Data records:
+++
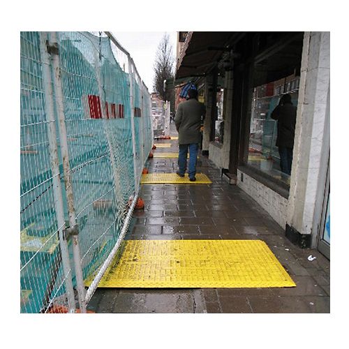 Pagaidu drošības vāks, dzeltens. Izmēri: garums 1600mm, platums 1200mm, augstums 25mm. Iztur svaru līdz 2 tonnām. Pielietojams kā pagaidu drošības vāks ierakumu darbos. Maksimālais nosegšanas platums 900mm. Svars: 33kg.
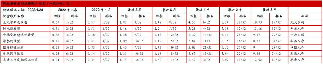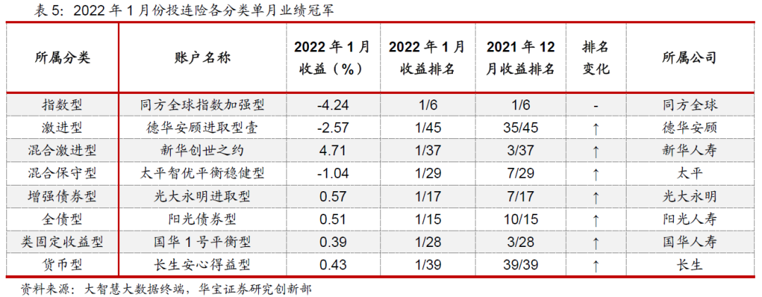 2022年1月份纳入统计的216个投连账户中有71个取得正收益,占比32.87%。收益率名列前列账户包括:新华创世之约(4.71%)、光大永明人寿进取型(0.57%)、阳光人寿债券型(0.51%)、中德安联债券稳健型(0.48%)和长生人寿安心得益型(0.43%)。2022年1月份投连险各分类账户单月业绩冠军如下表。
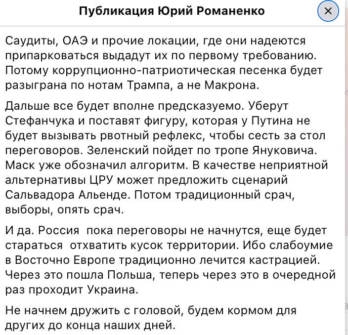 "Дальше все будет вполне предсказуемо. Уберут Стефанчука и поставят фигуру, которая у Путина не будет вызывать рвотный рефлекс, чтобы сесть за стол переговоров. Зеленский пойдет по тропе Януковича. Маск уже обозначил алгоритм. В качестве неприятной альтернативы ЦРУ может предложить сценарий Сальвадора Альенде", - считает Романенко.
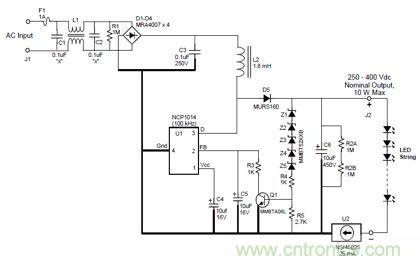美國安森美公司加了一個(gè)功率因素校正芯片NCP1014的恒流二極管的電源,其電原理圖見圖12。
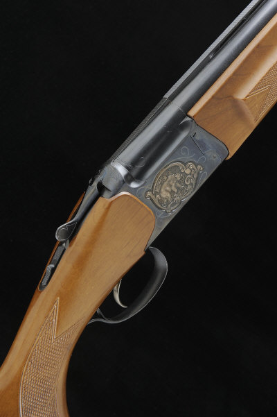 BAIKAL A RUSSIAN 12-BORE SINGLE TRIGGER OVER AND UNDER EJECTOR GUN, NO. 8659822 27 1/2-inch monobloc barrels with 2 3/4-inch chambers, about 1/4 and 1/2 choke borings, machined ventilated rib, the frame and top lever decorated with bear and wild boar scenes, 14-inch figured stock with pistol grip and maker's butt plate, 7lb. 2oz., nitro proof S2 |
+++
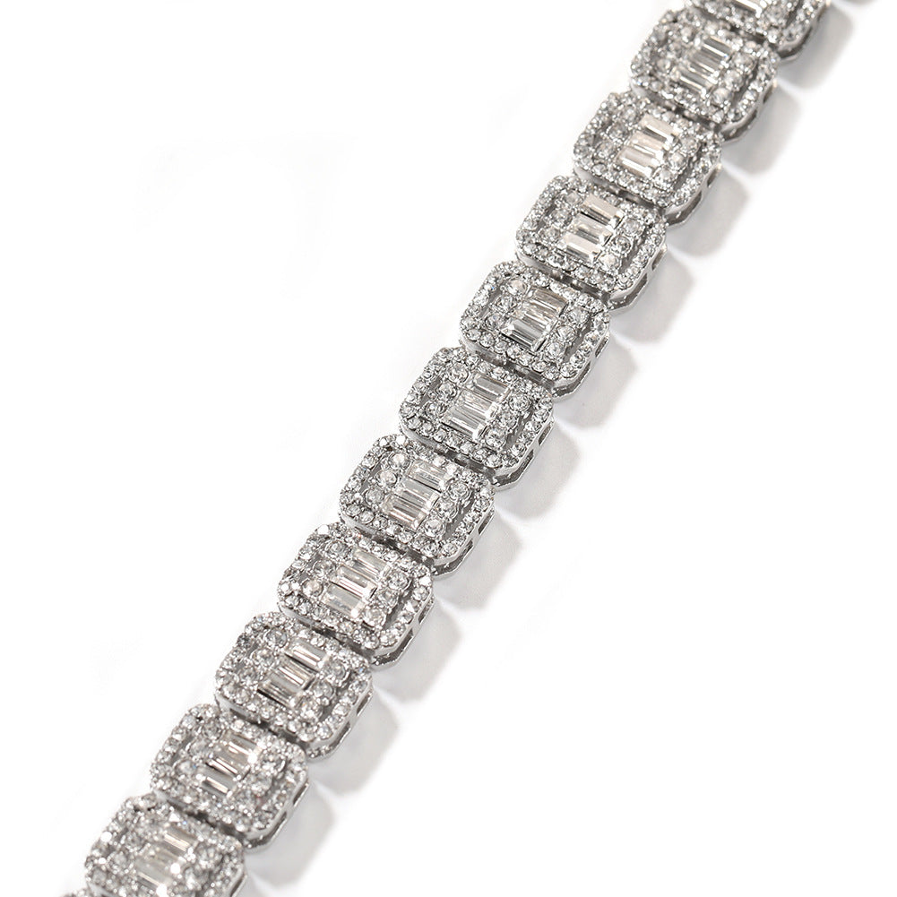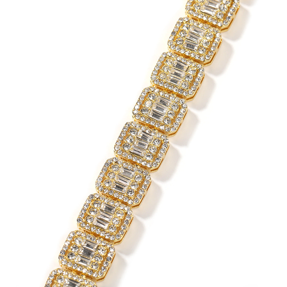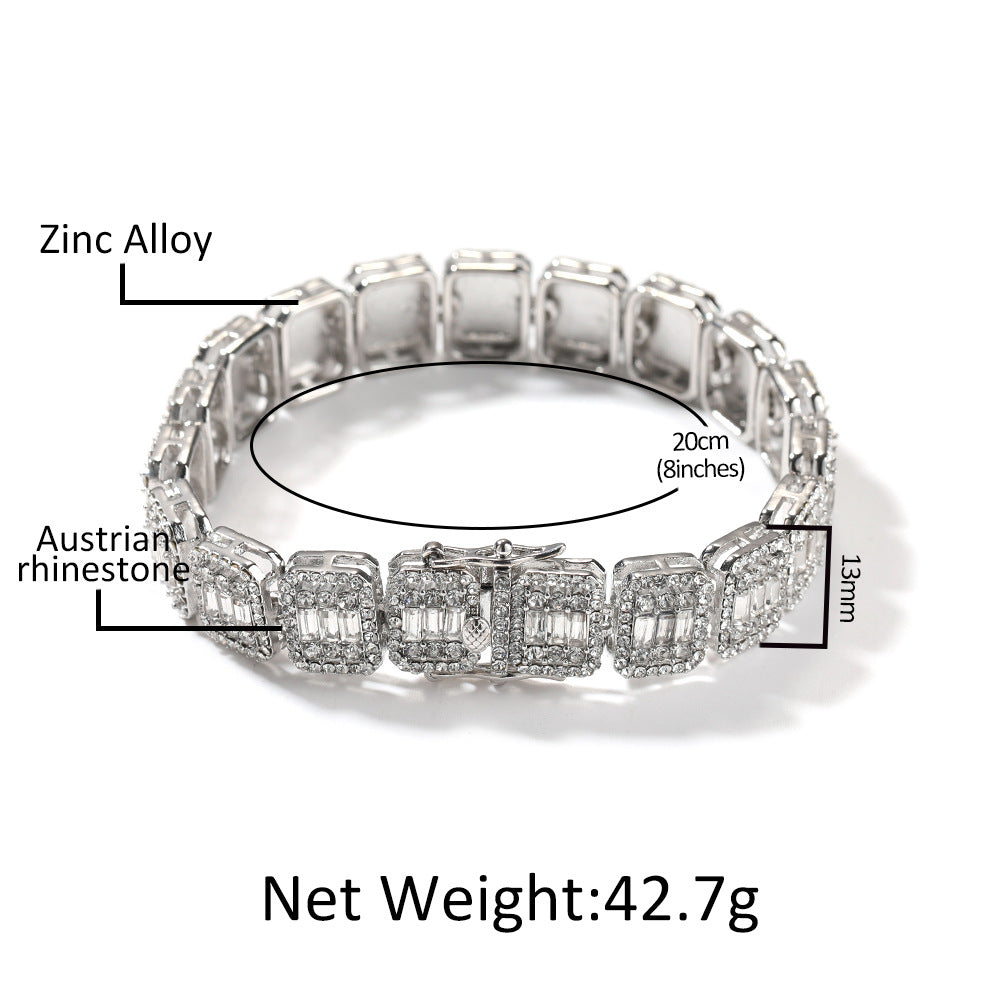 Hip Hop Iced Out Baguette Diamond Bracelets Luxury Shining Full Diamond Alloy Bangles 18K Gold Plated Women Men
+++
What to do:
For the data above, set down exactly the lines from the line with "美國安森美公司加了一個(gè" to the line with "BAIKAL A RUSSIAN", both included, leaving pictures out.

Result of the task:
美國安森美公司加了一個(gè)功率因素校正芯片NCP1014的恒流二極管的電源,其電原理圖見圖12。
 BAIKAL A RUSSIAN 12-BORE SINGLE TRIGGER OVER AND UNDER EJECTOR GUN, NO. 8659822 27 1/2-inch monobloc barrels with 2 3/4-inch chambers, about 1/4 and 1/2 choke borings, machined ventilated rib, the frame and top lever decorated with bear and wild boar scenes, 14-inch figured stock with pistol grip and maker's butt plate, 7lb. 2oz., nitro proof S2 |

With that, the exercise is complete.